On June 30, 2006, DePodesta was hired as the special assistant for baseball operations for the San Diego Padres and was promoted to executive vice president on November 10, 2008.

On November 8, 2010, DePodesta was hired as the vice president of player development and scouting for the New York Mets by general manager Sandy Alderson, with whom DePodesta worked when Alderson was CEO of the Padres.

===Cleveland Browns===
On January 5, 2016, DePodesta was hired by the Cleveland Browns of the National Football League (NFL) as its chief strategy officer.

On July 31, 2021, it was reported that the Browns and DePodesta had agreed to a 5-year contract extension.

On March 18, 2022, DePodesta helped to facilitate a trade for Deshaun Watson. Watson and the Texans' 2024 sixth-round draft pick were traded to the Cleveland Browns in exchange for the Browns' first-round draft picks in 2022, 2023, and 2024, as well as the Browns' third-round pick in 2023 and fourth-round picks in 2022 and 2024. As part of the trade, Watson signed a new, fully guaranteed, five-year, $230 million deal with the Browns, making it the largest contract at the time and most guaranteed money in the NFL. It has since been considered one of the worst contracts in NFL history.

After nearly 10 years of working in Cleveland, including the team's first two playoff berths since 2002 but also the winless 2017 campaign, the Browns announced in November 2025 that DePodesta was "stepping down."

===Colorado Rockies===
The Colorado Rockies of MLB named DePodesta their president of baseball operations on November 7, 2025.

===Other ventures===
On December 13, 2012, DePodesta joined the Sears Holdings Corporation board of directors. He has also served as a keynote speaker at numerous business conventions and been covered by publications such as Baseball Prospectus and Fortune Magazine.

== Personal life ==
DePodesta is married to artist and philanthropist Karen Deicas and has three sons and a daughter.

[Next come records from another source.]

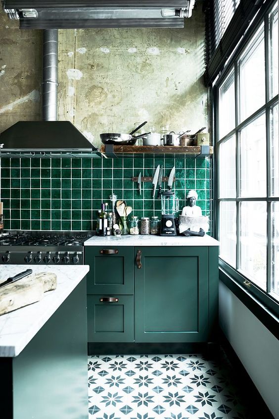 Deze keuken heeft vaak donkere tinten en je ziet veel koude materialen zoals beton en metaal dat wordt gecombineerd met robuuste elementen, zoals houten planken, zware grepen en donkere tegels of glas. Vooral groen kleurt goed in een industriële keuken, maar ook roze kan een leuk kleuraccent zijn in deze stijl.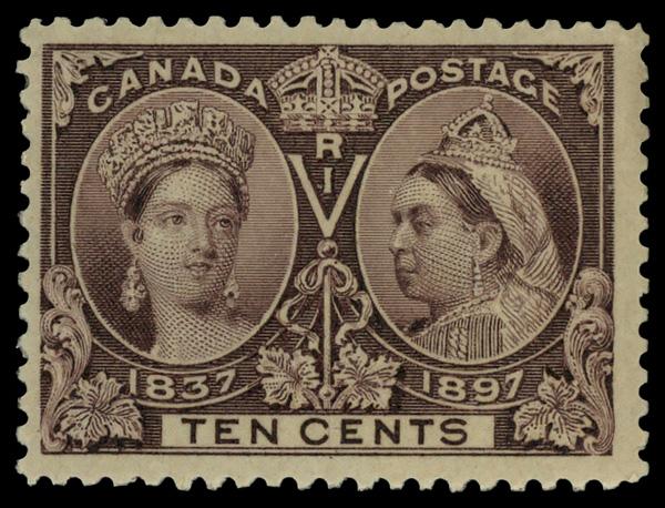 1897, Queen Victoria Jubilee, 10¢ brown violet (Scott 57), single, o.g., lightly hinged, Fine to Very Fine. Scott $160. (Image)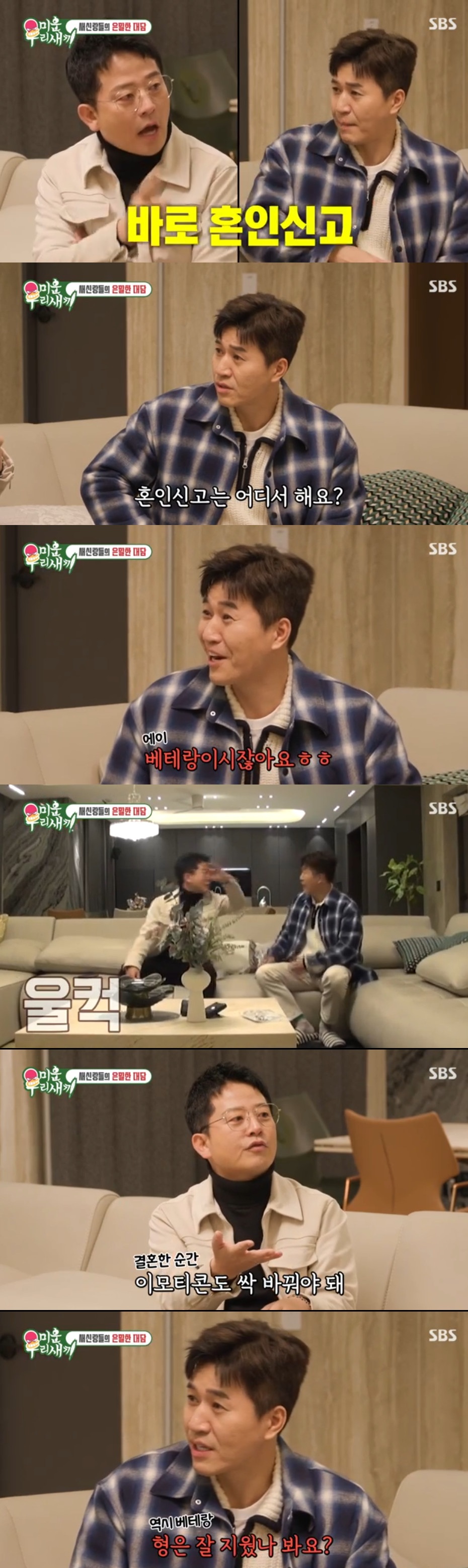 김종민은 "형 근데 혼인신고 어디서 하냐"고 물었고 김준호는 "그걸 왜 나에게 묻냐"며 황당해했다.

In 2016, Deicas launched the Sports Mind Institute, which seeks to connect lessons learned from figures in professional sports, athletes, team executives, and coaches, to help others apply them to life and the business sector. The family resides in the La Jolla neighborhood of San Diego, California.

===Moneyball===
In 2003, author Michael Lewis was interested in how Oakland Athletics general manager (GM) Billy Beane tried to find quality players to improve the team while struggling with one of the smallest payrolls in Major League Baseball. He first wanted to write an article on the subject, but the idea eventually blossomed into a book named Moneyball: The Art of Winning an Unfair Game. Lewis's interests included how Beane hired DePodesta as his assistant to incorporate sabermetrics, an approach that consists of more sophisticated analyses of baseball statistics, which is at least partially credited for their 2002 20-game winning streak which set an American League record.

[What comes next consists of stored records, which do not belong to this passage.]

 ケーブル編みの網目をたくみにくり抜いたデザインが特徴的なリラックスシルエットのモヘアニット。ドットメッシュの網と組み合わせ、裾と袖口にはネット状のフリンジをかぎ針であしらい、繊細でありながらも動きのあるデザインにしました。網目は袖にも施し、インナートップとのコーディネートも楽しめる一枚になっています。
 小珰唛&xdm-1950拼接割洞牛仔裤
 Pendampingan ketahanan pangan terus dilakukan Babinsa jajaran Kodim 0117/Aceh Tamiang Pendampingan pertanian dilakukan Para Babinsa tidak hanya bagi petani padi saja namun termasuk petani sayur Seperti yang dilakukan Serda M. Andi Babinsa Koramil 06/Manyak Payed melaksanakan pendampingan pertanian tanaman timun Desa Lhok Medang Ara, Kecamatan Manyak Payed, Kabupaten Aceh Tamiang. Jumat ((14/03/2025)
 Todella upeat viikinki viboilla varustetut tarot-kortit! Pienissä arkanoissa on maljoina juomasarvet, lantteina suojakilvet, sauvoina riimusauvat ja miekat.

Lewis's book examines the lives and careers of various baseball personalities and explains the art of sabermetrics. Bill James, who coined the term sabermetrics for the Society for American Baseball Research (SABR), is also a major focus. James published The Bill James Baseball Abstract from 1977 to 1988 and wrote several sabermetrics books. Beane and DePodesta had studied James' work and were inspired by his knowledge of baseball analysis.

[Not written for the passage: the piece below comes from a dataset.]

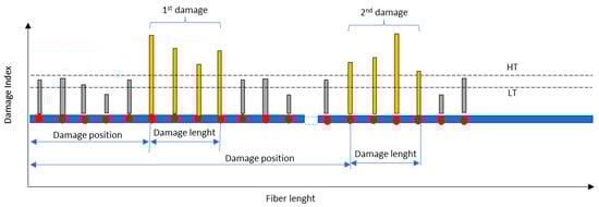 - The threshold levels define the admissible intervals for the elaborated data outcome. In particular, the upper limit of the cross-correlation variance is used to set the highest threshold (HT) limit for the eligible sensors’ dataset, while the mean value of its range is used to set the lower threshold (LT) limit. Readouts below the LT are discarded; readouts between the LT and the HT are kept if a persistency in their appearance is verified; and readouts higher than the HT are considered eligible as indicators of the presence of a potential damage area. The size of the damage, and consequently its location, is determined by the cluster of adjacent sensors whose associated DI values exceed the DI limit (Figure 2).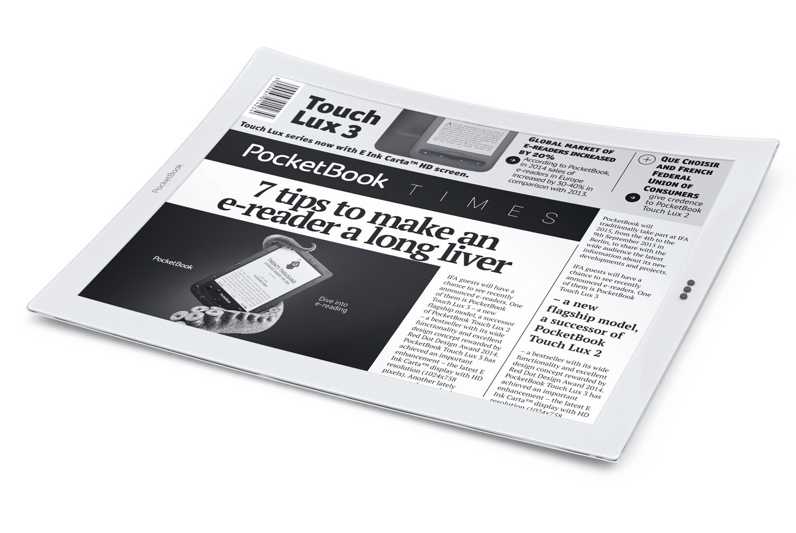 The PocketBook Reader Flex is an e-reader for indoor and outdoor use. It is equipped with a flexible 13” di-splay, with a housing thickness of merely 6.5 mm. The e-reader can be used as both a stand-alone device and a second screen for displaying information in a magnified way, for instance from a smartphone. Complex drawings, graph-ics and documents can be comfortably viewed thanks to the large display. Books and magazines may be presented in a double-page mode.

DePodesta did not feel comfortable in the spotlight after the book's release, nor did he care for the secrets revealed about his scouting methods. The book earned DePodesta a reputation as a cold calculator, choosing players based only on their numbers. In addition, he was thought of as a guy who knew nothing of "real baseball."

In reality, DePodesta played football in college and wanted to be a football coach, seen in a photo wearing number 17. After graduating from Harvard with a degree in economics, he became an intern for the Canadian Football League's Baltimore Stallions in 1995. In early 1996, he got his first baseball job with the Cleveland Indians, where he worked as a scout. In October 1996, at age 24, he was promoted to the position of advance scout. In October 1998, he became assistant to the general manager for the team. Those experiences led to him being hired by Beane as his assistant with the Oakland A's in November 1998.

When the movie Moneyball was adapted from the book, DePodesta did not approve of the way his character was portrayed. "There were a handful of things. Some were factual, others were more ephemeral." He had no objection to Jonah Hill's performance. "Jonah was awesome. He was so respectful of me and my time. It would have been flattering to be portrayed by someone of his expertise. It had nothing to do with the casting," DePodesta said in 2010. "I just could never get comfortable with the idea of somebody else portraying me to the rest of the world. Like any movie, to make it interesting, there has to be some conflict there. In some respects, a lot of the conflict is going to revolve around my character, and that was never really the case in reality," he said in 2011. He also talked about the focus that was brought on him, first in 2003 and again in 2011. "The other problem was I wasn't all that interested in the attention. It had already happened from the book. And I didn't necessarily need to relive it."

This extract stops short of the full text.